§ **INPUT DATA**:
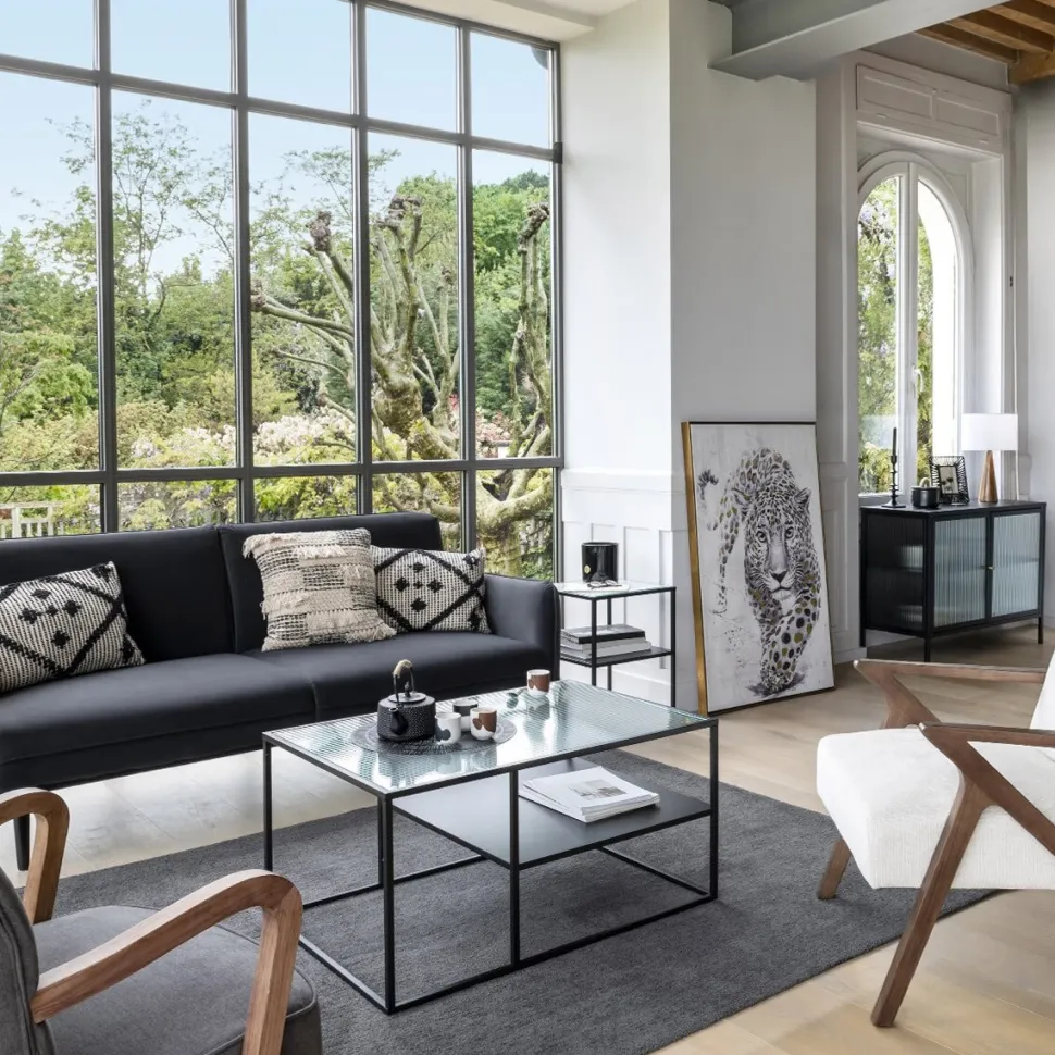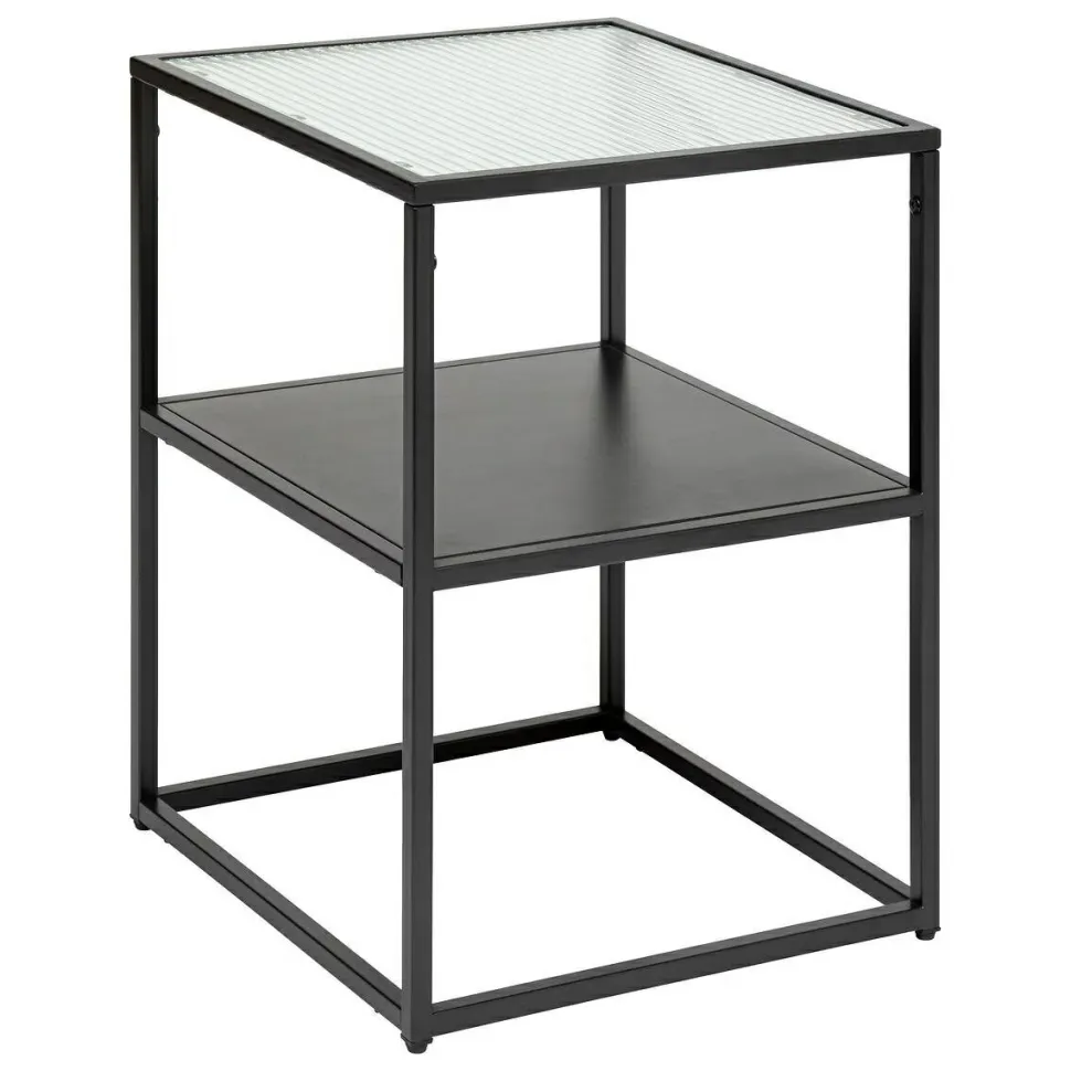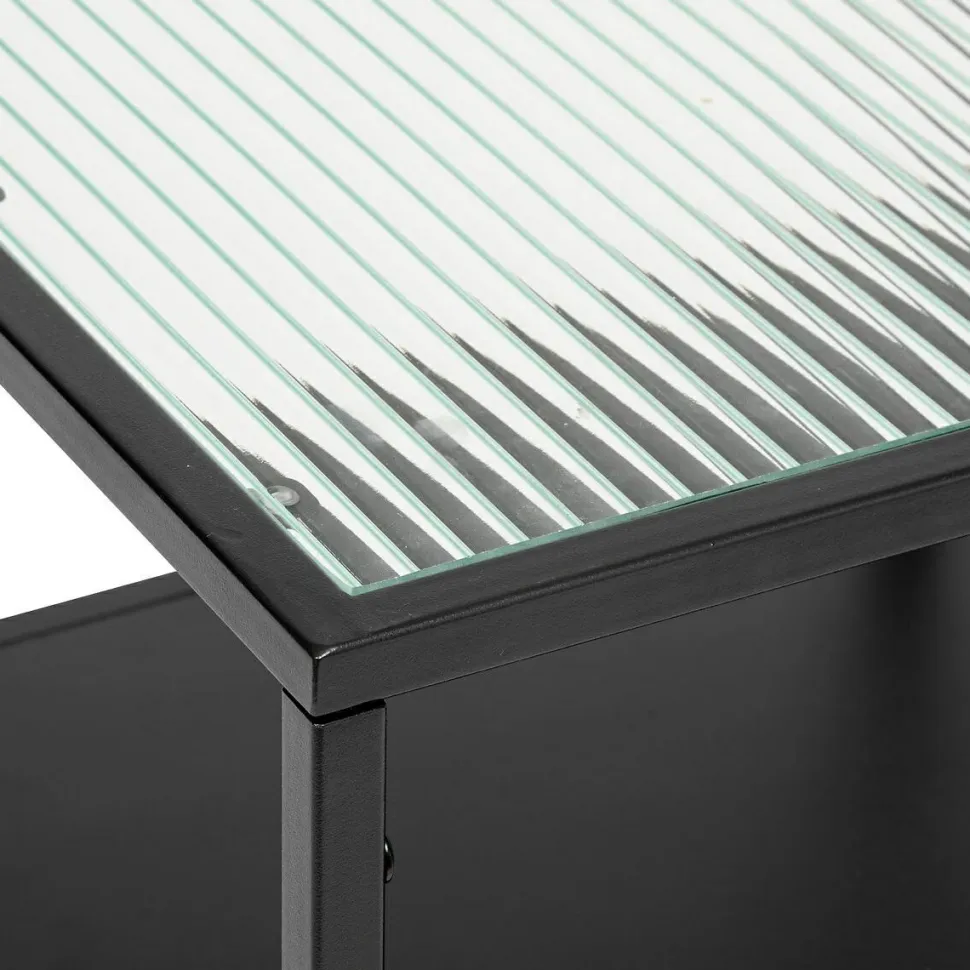Stolik Aldir w kolorze czarnym to elegancki i funkcjonalny mebel, który doskonale wpasowuje się w loftowe i nowoczesne wnętrza. Wykonany z wytrzymałego szkła hartowanego na blacie oraz stali na ramie i nogach, zapewnia solidność i trwałość. Jego ozdobny ryflowany blat nadaje mu niepowtarzalny charakter, dodając jednocześnie subtelnego uroku i designerskiego wyglądu.
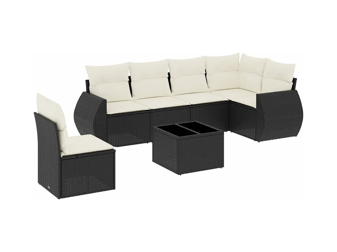 Set Divani da Giardino con Cuscini 7pz Nero Polyrattan
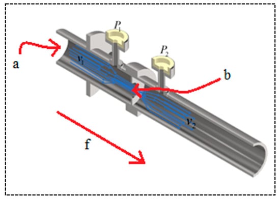 In Figure 5, a scheme to explain the theoretical model of the flow inside the airflow circuit is depicted. In which f is the air flow from a source, the section area of the hose is a, and the flow reduces its section area b while crossing the orifice plate. Thus, a pressure difference can be measured between points P1 and P2, moreover and represent the fluid flow speed of the air flow in the direction depicted by the red arrow [11,12].
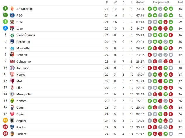 Nica je ostala trećeplasirana ekipa Ligue 1 sa tri boda zaostatka u odnosu na Monaco, dok je St. Etienne na petom mjestu.
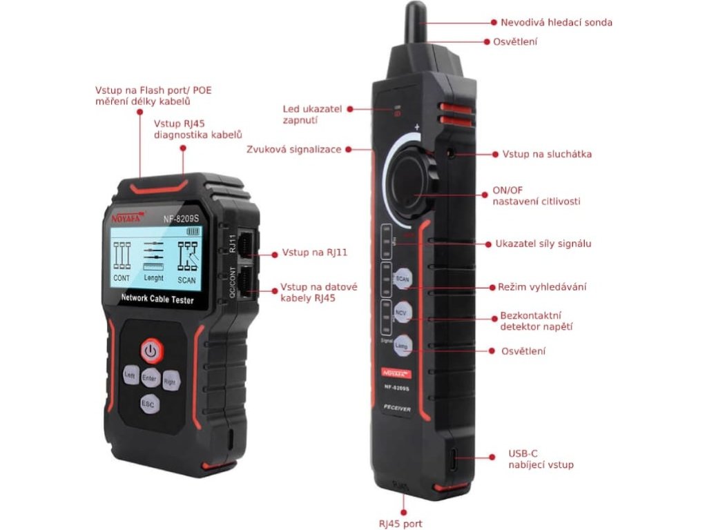 W-Star Tester kabelů UTP WSNF8209S, RJ45, Poe, hledací sonda, flash port
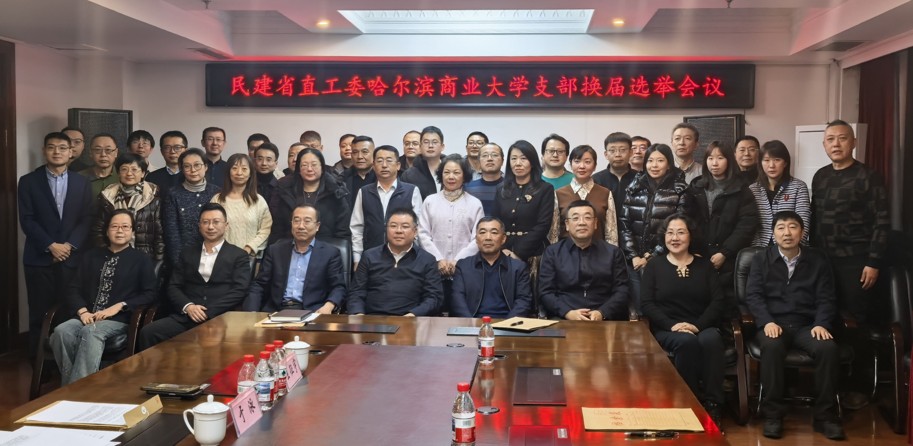 12月17日下午,民建哈尔滨商业大学支部委员会换届选举工作会议在学校行政楼五楼会议室召开。民建省委副主委项义军、秘书长邱瑞、组织部部长郭明;我校党委副书记姜国峰,党委常委、统战部部长潘俊峰出席会议。民建商大支部40位会员参加会议。会议由民建哈商大支部委员会主委、国际交流合作处副处长李恩临主持。
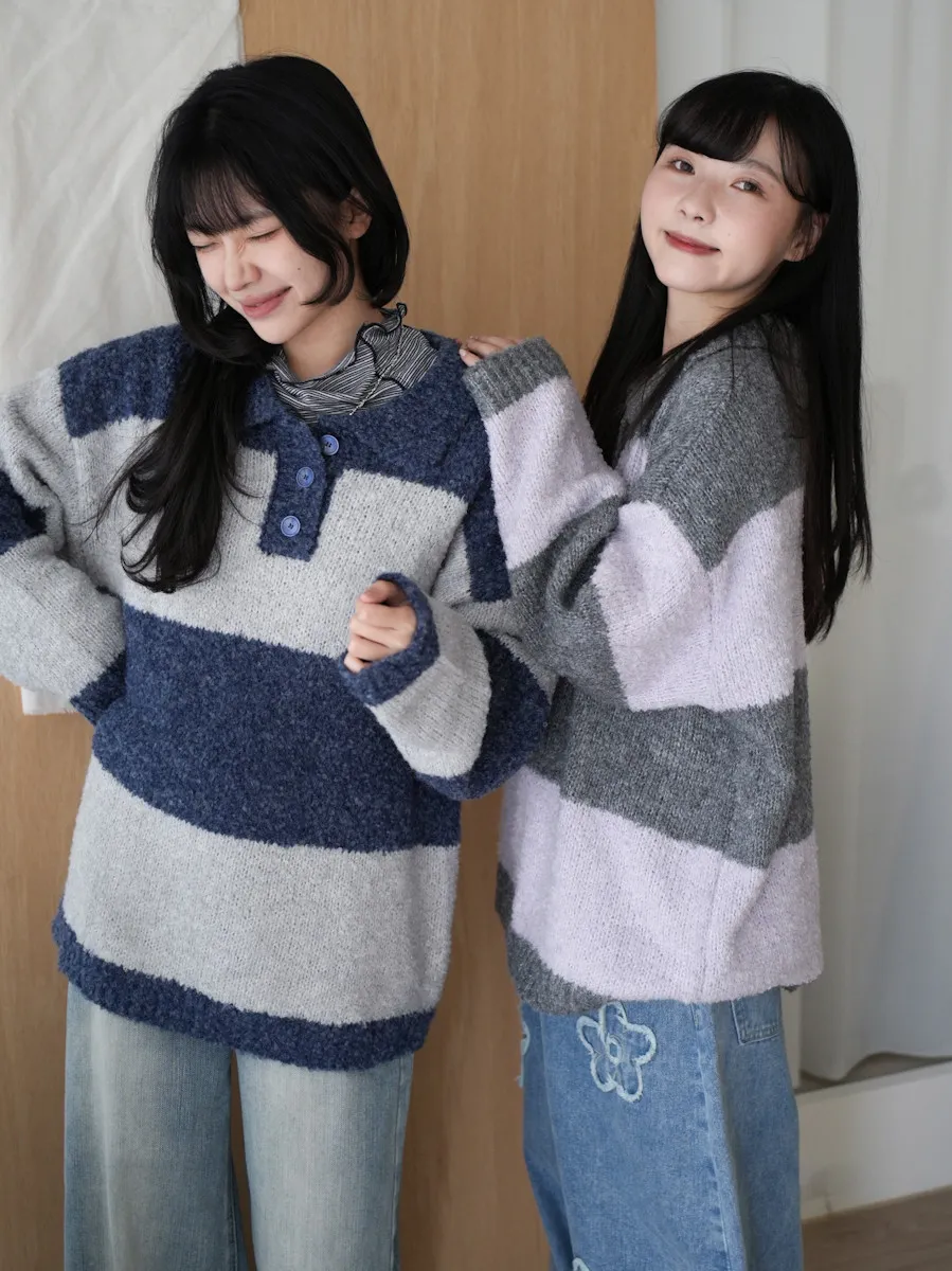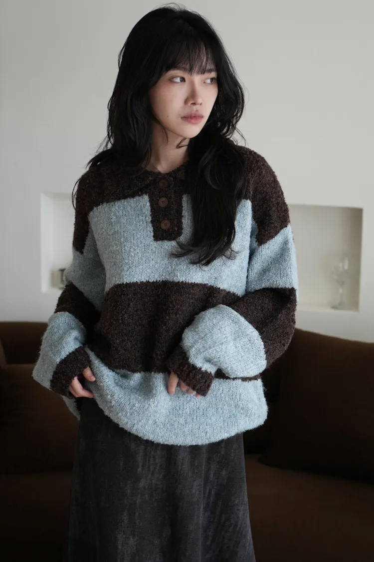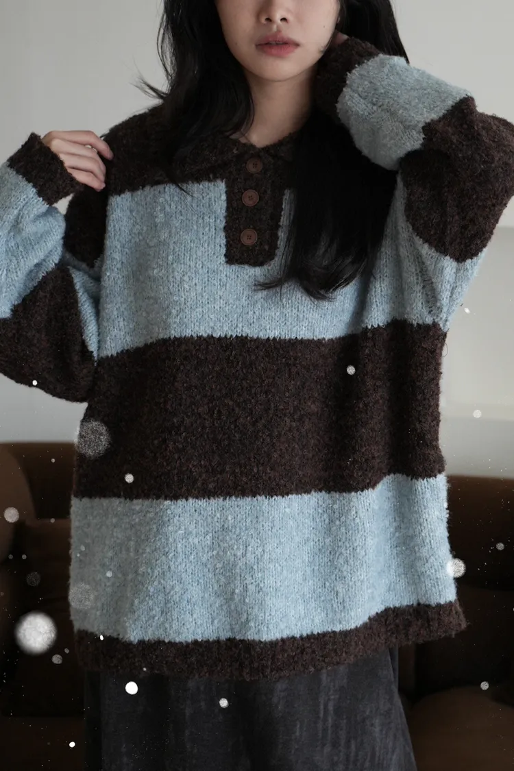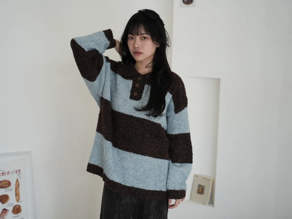 【SHOWROOM MADE】滿載愛意polo大釦拚色大毛衣 4color
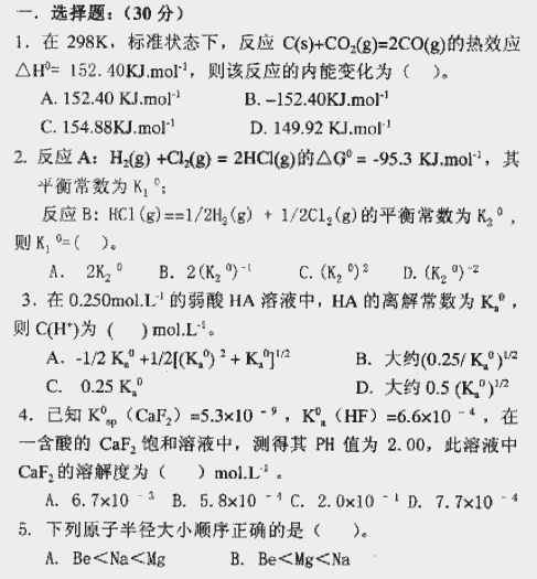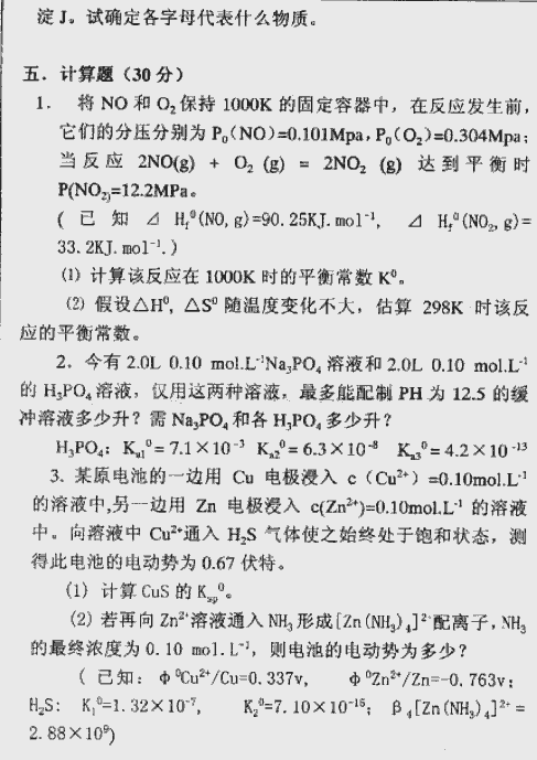 专业课半岛在线注册经验 本站小编 FreeKaoyan 2018-01-22南京理工大学2000年半岛在线注册真题-物理化学B

§ **WHAT IS EXPECTED**: Copy the listing word for word, excluding its pictures.

§ **PROBLEM SOLUTION**:
Stolik Aldir w kolorze czarnym to elegancki i funkcjonalny mebel, który doskonale wpasowuje się w loftowe i nowoczesne wnętrza. Wykonany z wytrzymałego szkła hartowanego na blacie oraz stali na ramie i nogach, zapewnia solidność i trwałość. Jego ozdobny ryflowany blat nadaje mu niepowtarzalny charakter, dodając jednocześnie subtelnego uroku i designerskiego wyglądu.
 Set Divani da Giardino con Cuscini 7pz Nero Polyrattan
 In Figure 5, a scheme to explain the theoretical model of the flow inside the airflow circuit is depicted. In which f is the air flow from a source, the section area of the hose is a, and the flow reduces its section area b while crossing the orifice plate. Thus, a pressure difference can be measured between points P1 and P2, moreover and represent the fluid flow speed of the air flow in the direction depicted by the red arrow [11,12].
 Nica je ostala trećeplasirana ekipa Ligue 1 sa tri boda zaostatka u odnosu na Monaco, dok je St. Etienne na petom mjestu.
 W-Star Tester kabelů UTP WSNF8209S, RJ45, Poe, hledací sonda, flash port
 12月17日下午,民建哈尔滨商业大学支部委员会换届选举工作会议在学校行政楼五楼会议室召开。民建省委副主委项义军、秘书长邱瑞、组织部部长郭明;我校党委副书记姜国峰,党委常委、统战部部长潘俊峰出席会议。民建商大支部40位会员参加会议。会议由民建哈商大支部委员会主委、国际交流合作处副处长李恩临主持。
 【SHOWROOM MADE】滿載愛意polo大釦拚色大毛衣 4color
 专业课半岛在线注册经验 本站小编 FreeKaoyan 2018-01-22南京理工大学2000年半岛在线注册真题-物理化学B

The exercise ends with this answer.